**ACTIVITY**
Please restate the data that follows word for word, with the pictures left out.

**Data records**
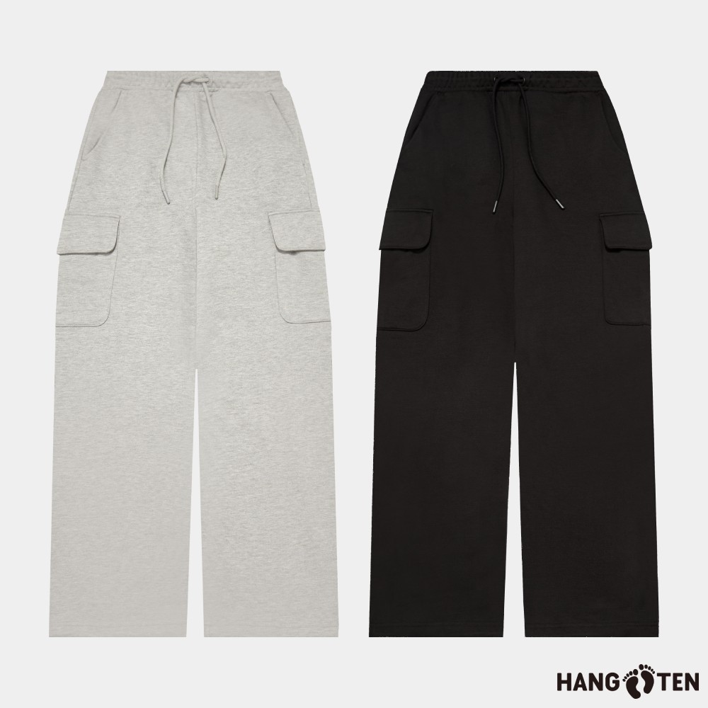 【Hang Ten】女裝-正韓韓國連線-WIDE FIT內刷毛抽繩側邊口袋工裝長褲(多色選)
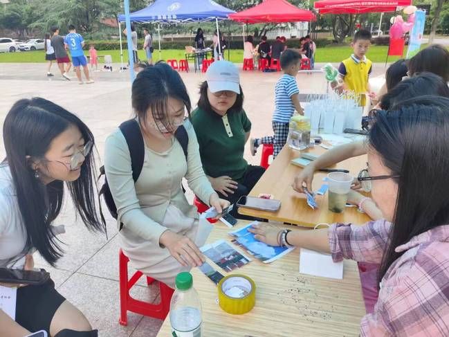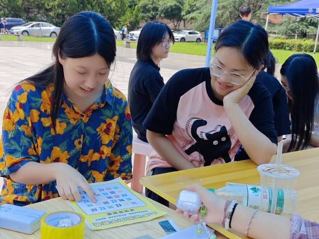 金乌升晓气,玉槛漾晨曦。活动当天一大早,志愿者们有条不紊地整理好活动物资,在摊位上满怀期待地等待同学们的到来。尽管天气炎热,但志愿者们的热情却并没有因此减弱,他们面带笑容接待每位前来玩游戏的同学。在进行首义照片拼图游戏时,参与者灵机一动,惊喜发现拼图内容正是他们身后的首义会堂,以此为参照,很快就完成了拼图,赢得游戏小礼品的同时捕捉到了首义的美景。在“正话反说”的趣味游戏中,同学们反复练习着“文汇楼、文泽楼……”等教学楼的名称,在轻松愉快的氛围中加深了对学校教学楼的独特印象。活动开展期间,现场人数众多,热闹非凡。落日熔金,暮云合璧。夕阳余晖映金辉,活动渐入尾声,志愿者们整理现场并合影留念,笑容满面地结束了充实而难忘的一天。
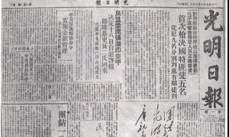 1949年6月16日,中国民主同盟的机关报--《光明日报》在北京创刊。毛泽东题词:“团结起来,光明在望”。章伯钧任社长,胡愈之任总编。创刊背景是我国经过了30年的解放运动,特别是3年的解放战争,推翻了国民党的统治,打垮了帝国主义侵略势力,取得了震撼全世界的中国人民民主革命胜利。在建国的前夕,《光明日报》诞生了。
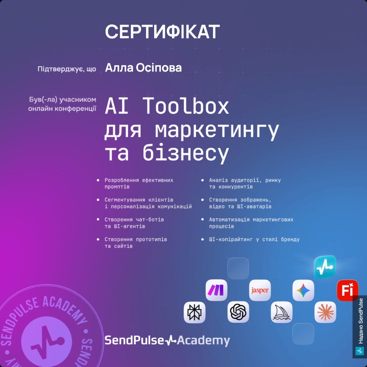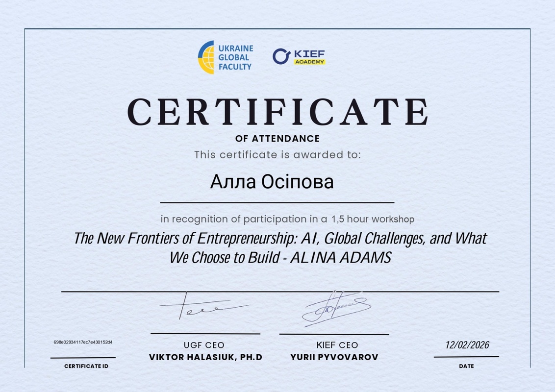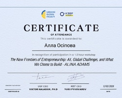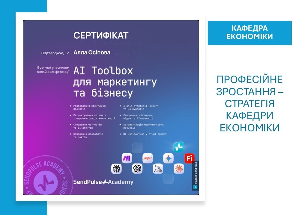 Протягом зимового періоду завідувач кафедри економіки, доцент Алла ОСІПОВА взяла участь у низці навчальних заходів, присвячених актуальним аспектам використання штучного інтелекту в бізнесі та освіті. Зокрема, вона долучилася до онлайн-конференції «AI Toolbox для маркетингу та бізнесу», організованої SendPulse Academy. У межах заходу було розглянуто питання розроблення ефективних промптів, автоматизації маркетингових процесів, створення ШІ-агентів і чат-ботів, а також аналізу аудиторій і ринку.
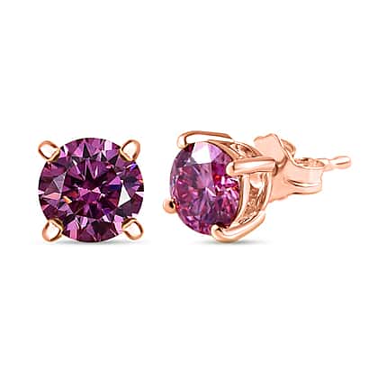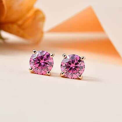 9K Rose Gold Pink Moissanite Stud Solitaire Earrings 2.00 Ct.
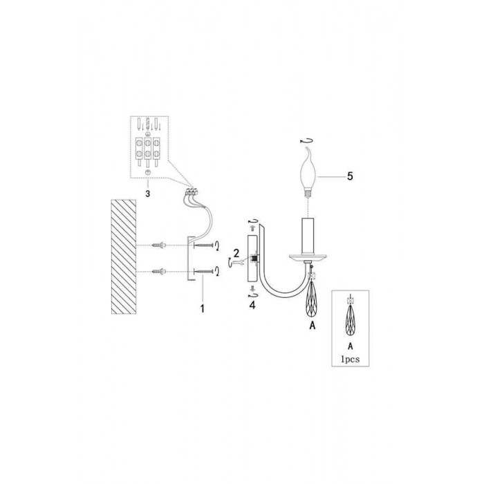 Источник света: 1 x E14 (40Вт), приобретаются отдельно
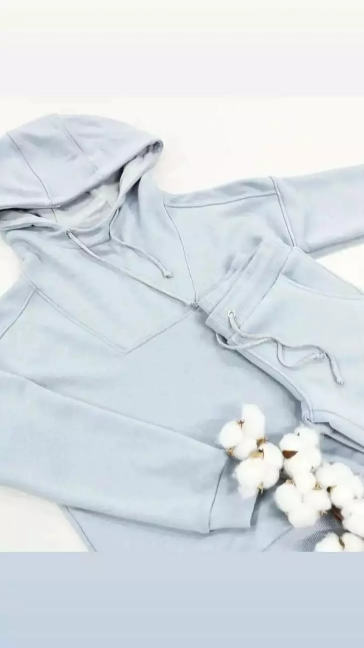 Худі костюму виконано в класичному вільному крої, прямого силуету,

**YOUR RESPONSE**
 【Hang Ten】女裝-正韓韓國連線-WIDE FIT內刷毛抽繩側邊口袋工裝長褲(多色選)
 金乌升晓气,玉槛漾晨曦。活动当天一大早,志愿者们有条不紊地整理好活动物资,在摊位上满怀期待地等待同学们的到来。尽管天气炎热,但志愿者们的热情却并没有因此减弱,他们面带笑容接待每位前来玩游戏的同学。在进行首义照片拼图游戏时,参与者灵机一动,惊喜发现拼图内容正是他们身后的首义会堂,以此为参照,很快就完成了拼图,赢得游戏小礼品的同时捕捉到了首义的美景。在“正话反说”的趣味游戏中,同学们反复练习着“文汇楼、文泽楼……”等教学楼的名称,在轻松愉快的氛围中加深了对学校教学楼的独特印象。活动开展期间,现场人数众多,热闹非凡。落日熔金,暮云合璧。夕阳余晖映金辉,活动渐入尾声,志愿者们整理现场并合影留念,笑容满面地结束了充实而难忘的一天。
 1949年6月16日,中国民主同盟的机关报--《光明日报》在北京创刊。毛泽东题词:“团结起来,光明在望”。章伯钧任社长,胡愈之任总编。创刊背景是我国经过了30年的解放运动,特别是3年的解放战争,推翻了国民党的统治,打垮了帝国主义侵略势力,取得了震撼全世界的中国人民民主革命胜利。在建国的前夕,《光明日报》诞生了。
 Протягом зимового періоду завідувач кафедри економіки, доцент Алла ОСІПОВА взяла участь у низці навчальних заходів, присвячених актуальним аспектам використання штучного інтелекту в бізнесі та освіті. Зокрема, вона долучилася до онлайн-конференції «AI Toolbox для маркетингу та бізнесу», організованої SendPulse Academy. У межах заходу було розглянуто питання розроблення ефективних промптів, автоматизації маркетингових процесів, створення ШІ-агентів і чат-ботів, а також аналізу аудиторій і ринку.
 9K Rose Gold Pink Moissanite Stud Solitaire Earrings 2.00 Ct.
 Источник света: 1 x E14 (40Вт), приобретаются отдельно
 Худі костюму виконано в класичному вільному крої, прямого силуету,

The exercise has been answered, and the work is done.